*Aim of the exercise:* Transcribe the entries exactly. Omit the pictures.

*Exercise materials:*

○ ○ ○ ○ ○ ○ ○

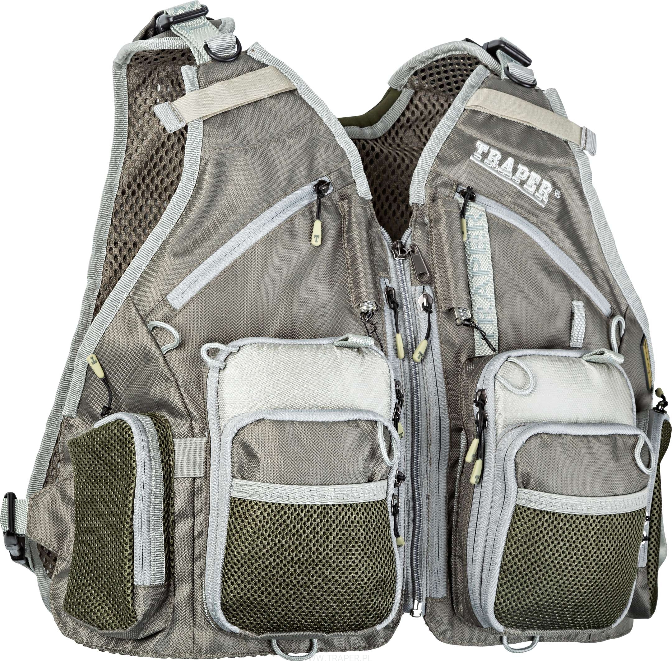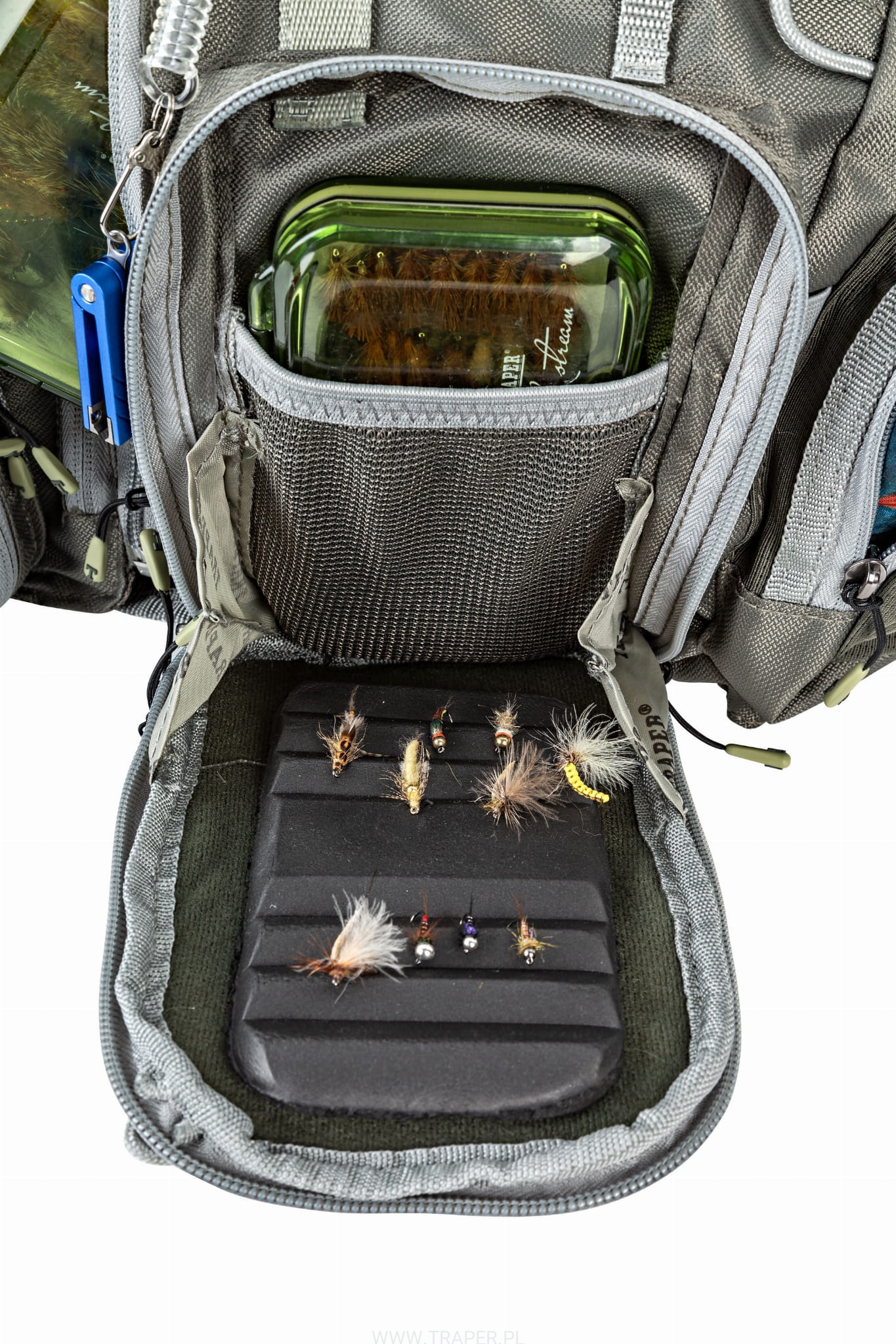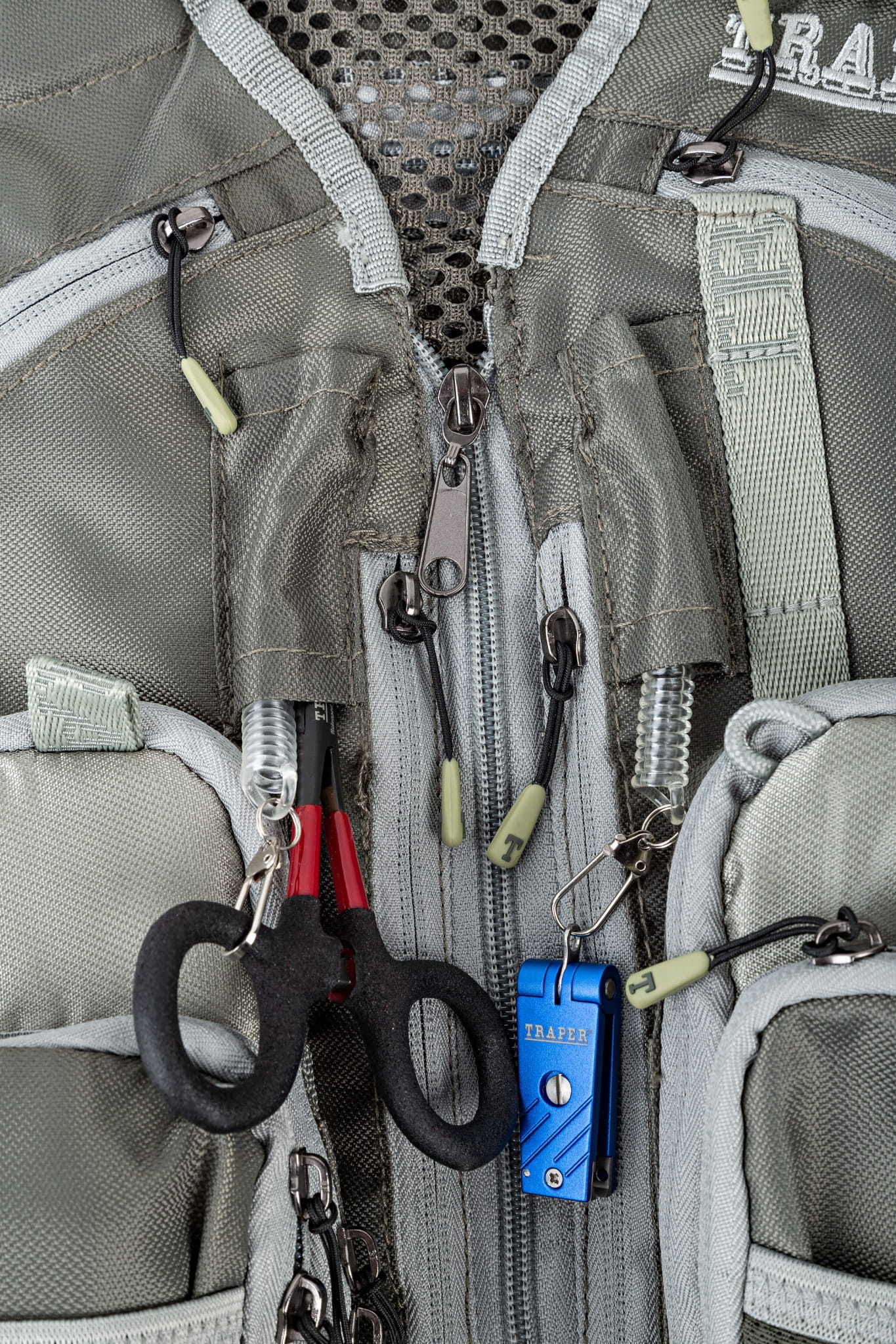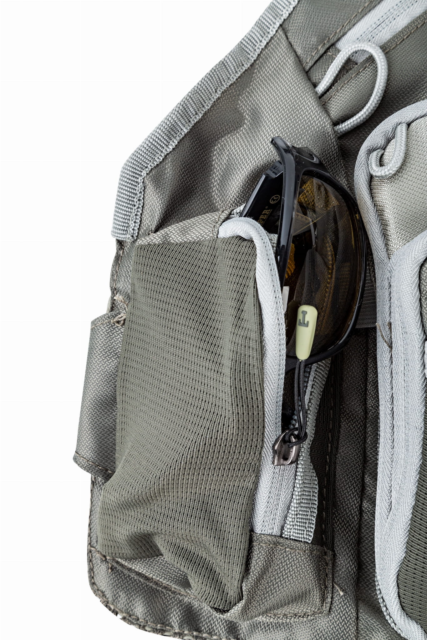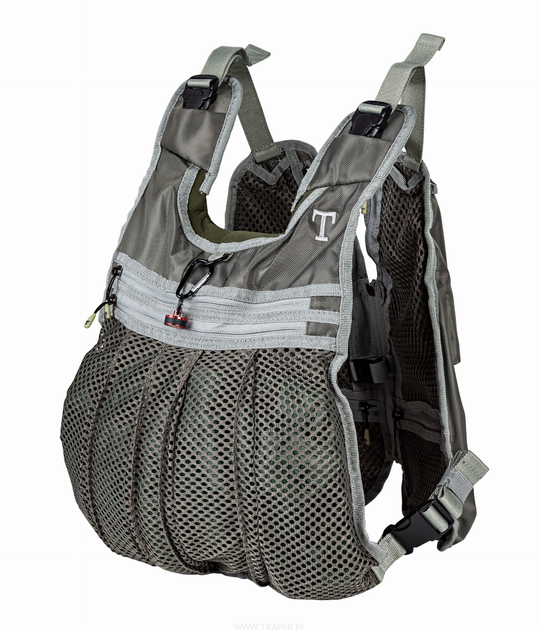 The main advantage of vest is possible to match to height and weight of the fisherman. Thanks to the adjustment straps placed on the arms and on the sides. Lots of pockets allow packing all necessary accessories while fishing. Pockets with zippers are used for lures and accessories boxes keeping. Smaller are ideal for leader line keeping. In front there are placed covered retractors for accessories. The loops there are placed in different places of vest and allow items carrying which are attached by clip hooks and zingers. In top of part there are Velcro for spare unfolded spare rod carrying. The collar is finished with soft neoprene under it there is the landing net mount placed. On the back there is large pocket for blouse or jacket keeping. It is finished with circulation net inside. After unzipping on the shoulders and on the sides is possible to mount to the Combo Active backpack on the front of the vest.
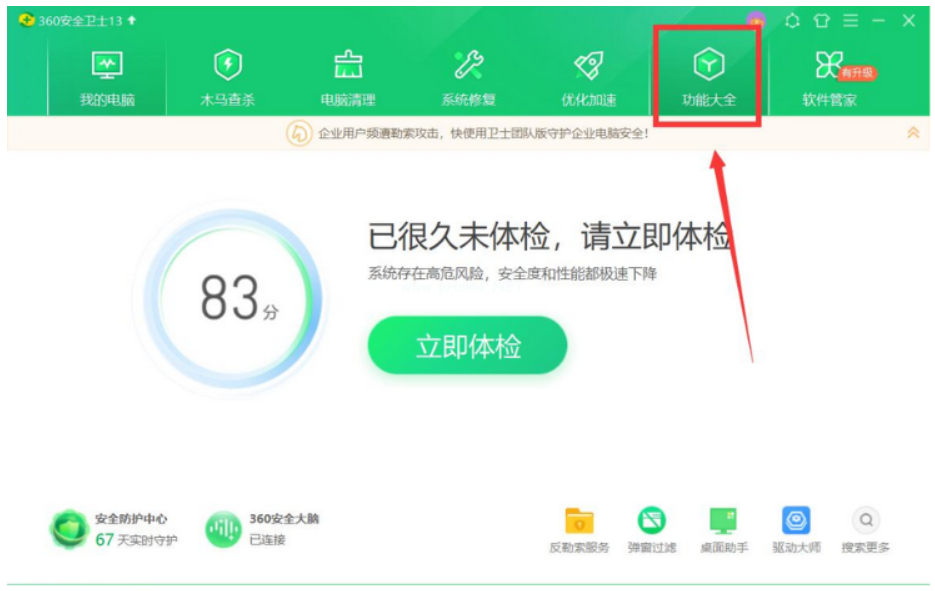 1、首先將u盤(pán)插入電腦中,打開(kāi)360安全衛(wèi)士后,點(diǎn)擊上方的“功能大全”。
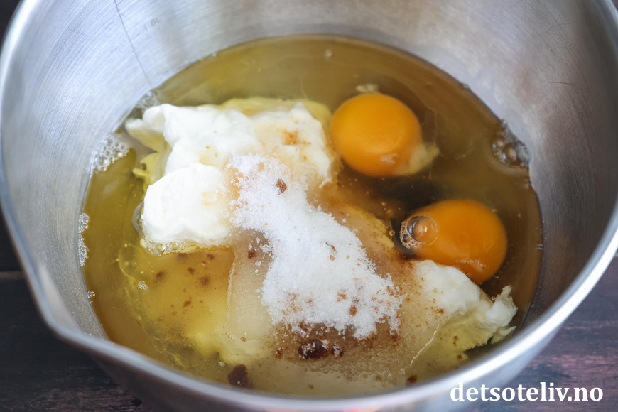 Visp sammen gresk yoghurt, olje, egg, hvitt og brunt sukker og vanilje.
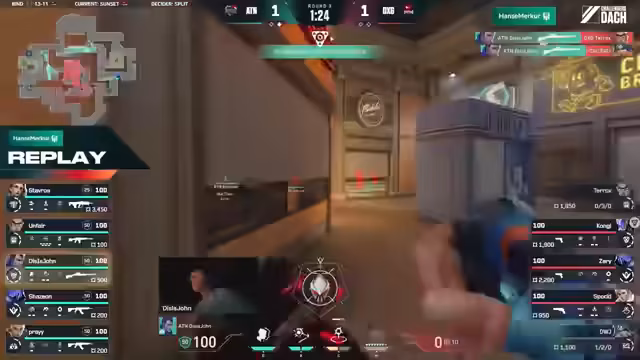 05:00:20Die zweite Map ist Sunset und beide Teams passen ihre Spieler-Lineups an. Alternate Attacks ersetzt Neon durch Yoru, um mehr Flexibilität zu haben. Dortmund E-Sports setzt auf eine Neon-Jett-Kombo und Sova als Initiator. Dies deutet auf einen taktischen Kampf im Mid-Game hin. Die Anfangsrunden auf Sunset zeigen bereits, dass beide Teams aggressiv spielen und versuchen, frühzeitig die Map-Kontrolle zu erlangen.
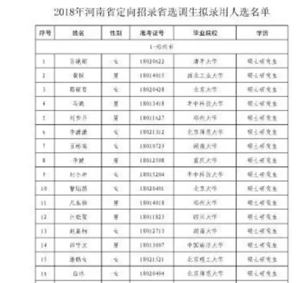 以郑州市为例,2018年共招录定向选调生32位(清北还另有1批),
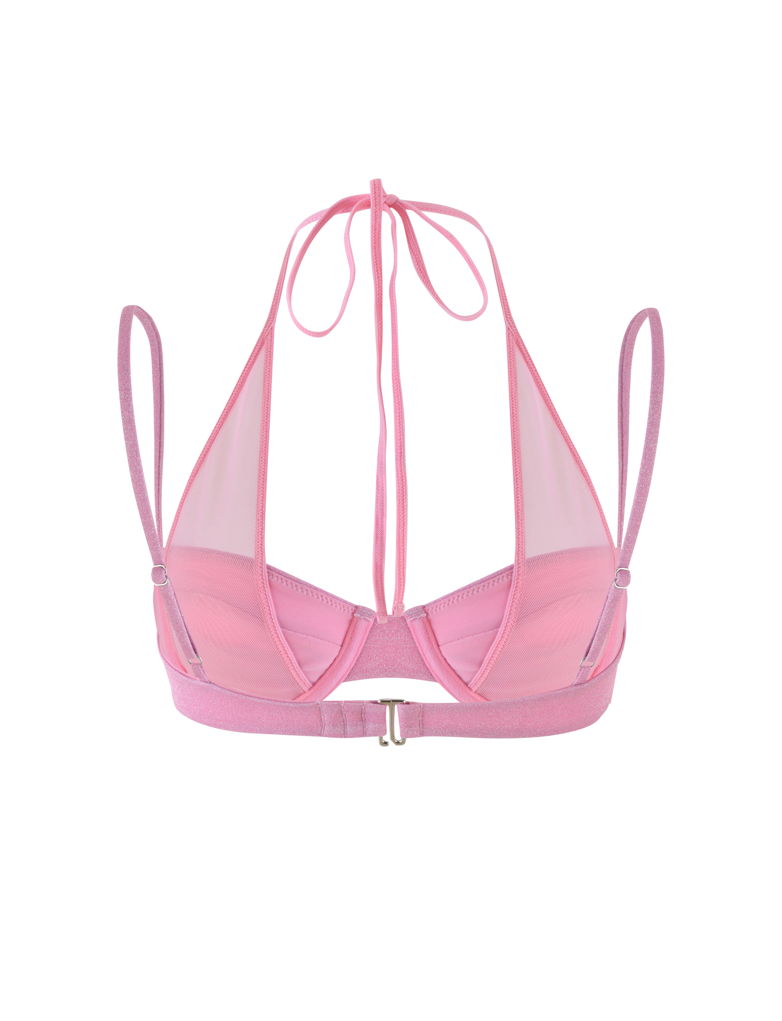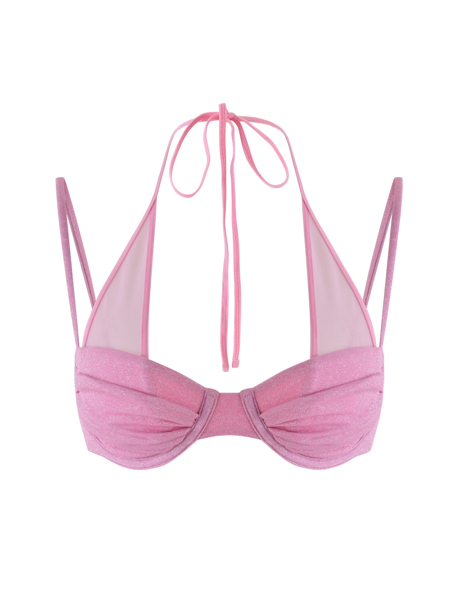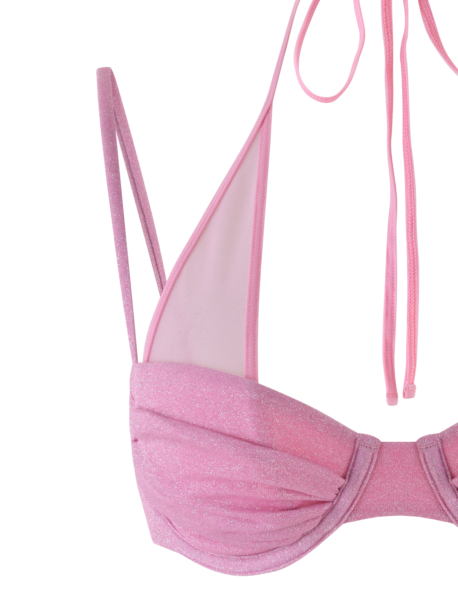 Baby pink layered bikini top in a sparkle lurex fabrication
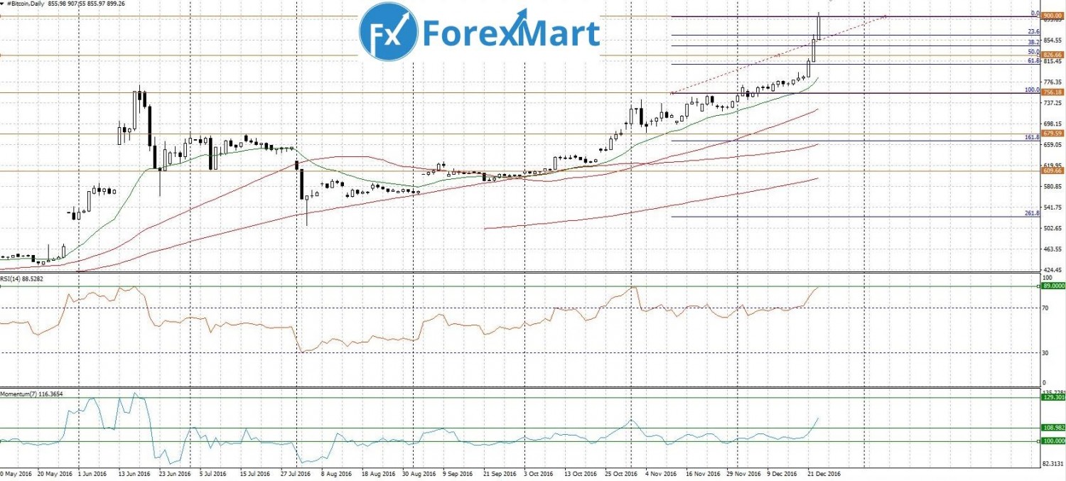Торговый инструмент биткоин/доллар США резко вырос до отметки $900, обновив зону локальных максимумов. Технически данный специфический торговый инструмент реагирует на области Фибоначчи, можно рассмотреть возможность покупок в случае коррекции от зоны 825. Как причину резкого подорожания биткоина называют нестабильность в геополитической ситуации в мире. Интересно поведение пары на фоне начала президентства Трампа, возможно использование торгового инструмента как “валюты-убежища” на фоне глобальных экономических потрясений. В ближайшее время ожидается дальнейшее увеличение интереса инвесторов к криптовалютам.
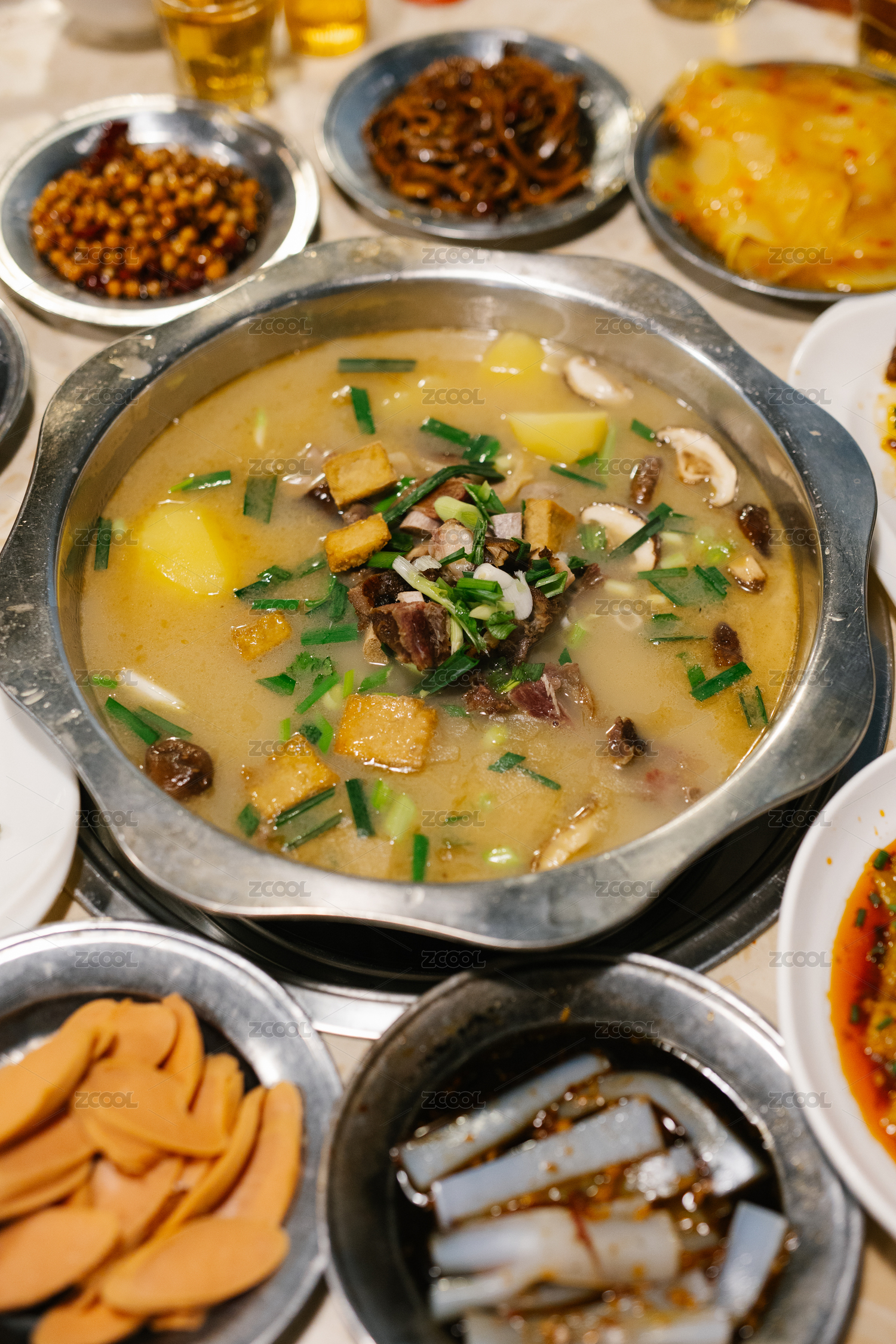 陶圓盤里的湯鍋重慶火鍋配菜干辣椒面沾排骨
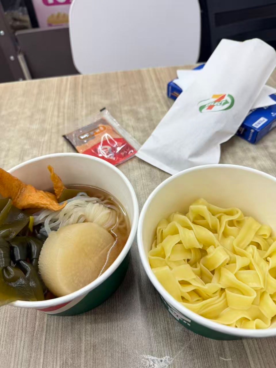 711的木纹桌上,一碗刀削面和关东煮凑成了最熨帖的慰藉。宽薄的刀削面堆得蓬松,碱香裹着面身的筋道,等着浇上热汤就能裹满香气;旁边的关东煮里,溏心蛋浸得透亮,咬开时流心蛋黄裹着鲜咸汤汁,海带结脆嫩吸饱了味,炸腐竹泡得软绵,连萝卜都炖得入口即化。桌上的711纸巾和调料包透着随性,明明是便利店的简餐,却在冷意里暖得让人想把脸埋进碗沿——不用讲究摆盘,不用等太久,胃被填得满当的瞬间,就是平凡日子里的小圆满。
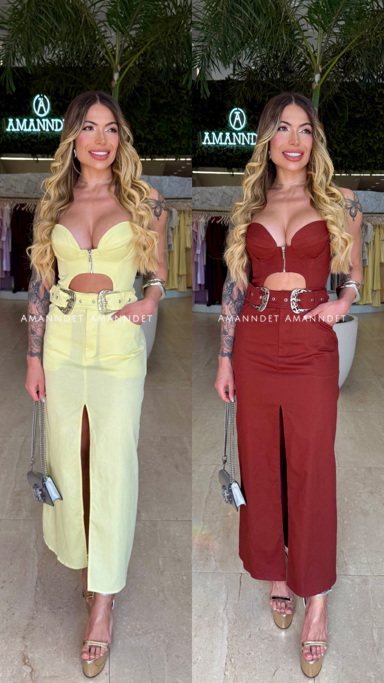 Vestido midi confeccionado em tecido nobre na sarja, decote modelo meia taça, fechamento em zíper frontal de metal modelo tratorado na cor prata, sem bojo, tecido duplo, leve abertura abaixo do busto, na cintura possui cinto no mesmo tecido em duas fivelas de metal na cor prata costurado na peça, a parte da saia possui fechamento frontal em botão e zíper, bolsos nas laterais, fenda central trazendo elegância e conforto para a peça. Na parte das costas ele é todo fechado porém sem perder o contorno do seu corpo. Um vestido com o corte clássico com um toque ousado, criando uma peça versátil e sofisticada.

○ ○ ○ ○ ○ ○ ○

*The completed task:*
 The main advantage of vest is possible to match to height and weight of the fisherman. Thanks to the adjustment straps placed on the arms and on the sides. Lots of pockets allow packing all necessary accessories while fishing. Pockets with zippers are used for lures and accessories boxes keeping. Smaller are ideal for leader line keeping. In front there are placed covered retractors for accessories. The loops there are placed in different places of vest and allow items carrying which are attached by clip hooks and zingers. In top of part there are Velcro for spare unfolded spare rod carrying. The collar is finished with soft neoprene under it there is the landing net mount placed. On the back there is large pocket for blouse or jacket keeping. It is finished with circulation net inside. After unzipping on the shoulders and on the sides is possible to mount to the Combo Active backpack on the front of the vest.
 1、首先將u盤(pán)插入電腦中,打開(kāi)360安全衛(wèi)士后,點(diǎn)擊上方的“功能大全”。
 Visp sammen gresk yoghurt, olje, egg, hvitt og brunt sukker og vanilje.
 05:00:20Die zweite Map ist Sunset und beide Teams passen ihre Spieler-Lineups an. Alternate Attacks ersetzt Neon durch Yoru, um mehr Flexibilität zu haben. Dortmund E-Sports setzt auf eine Neon-Jett-Kombo und Sova als Initiator. Dies deutet auf einen taktischen Kampf im Mid-Game hin. Die Anfangsrunden auf Sunset zeigen bereits, dass beide Teams aggressiv spielen und versuchen, frühzeitig die Map-Kontrolle zu erlangen.
 以郑州市为例,2018年共招录定向选调生32位(清北还另有1批),
 Baby pink layered bikini top in a sparkle lurex fabrication
Торговый инструмент биткоин/доллар США резко вырос до отметки $900, обновив зону локальных максимумов. Технически данный специфический торговый инструмент реагирует на области Фибоначчи, можно рассмотреть возможность покупок в случае коррекции от зоны 825. Как причину резкого подорожания биткоина называют нестабильность в геополитической ситуации в мире. Интересно поведение пары на фоне начала президентства Трампа, возможно использование торгового инструмента как “валюты-убежища” на фоне глобальных экономических потрясений. В ближайшее время ожидается дальнейшее увеличение интереса инвесторов к криптовалютам.
 陶圓盤里的湯鍋重慶火鍋配菜干辣椒面沾排骨
 711的木纹桌上,一碗刀削面和关东煮凑成了最熨帖的慰藉。宽薄的刀削面堆得蓬松,碱香裹着面身的筋道,等着浇上热汤就能裹满香气;旁边的关东煮里,溏心蛋浸得透亮,咬开时流心蛋黄裹着鲜咸汤汁,海带结脆嫩吸饱了味,炸腐竹泡得软绵,连萝卜都炖得入口即化。桌上的711纸巾和调料包透着随性,明明是便利店的简餐,却在冷意里暖得让人想把脸埋进碗沿——不用讲究摆盘,不用等太久,胃被填得满当的瞬间,就是平凡日子里的小圆满。
 Vestido midi confeccionado em tecido nobre na sarja, decote modelo meia taça, fechamento em zíper frontal de metal modelo tratorado na cor prata, sem bojo, tecido duplo, leve abertura abaixo do busto, na cintura possui cinto no mesmo tecido em duas fivelas de metal na cor prata costurado na peça, a parte da saia possui fechamento frontal em botão e zíper, bolsos nas laterais, fenda central trazendo elegância e conforto para a peça. Na parte das costas ele é todo fechado porém sem perder o contorno do seu corpo. Um vestido com o corte clássico com um toque ousado, criando uma peça versátil e sofisticada.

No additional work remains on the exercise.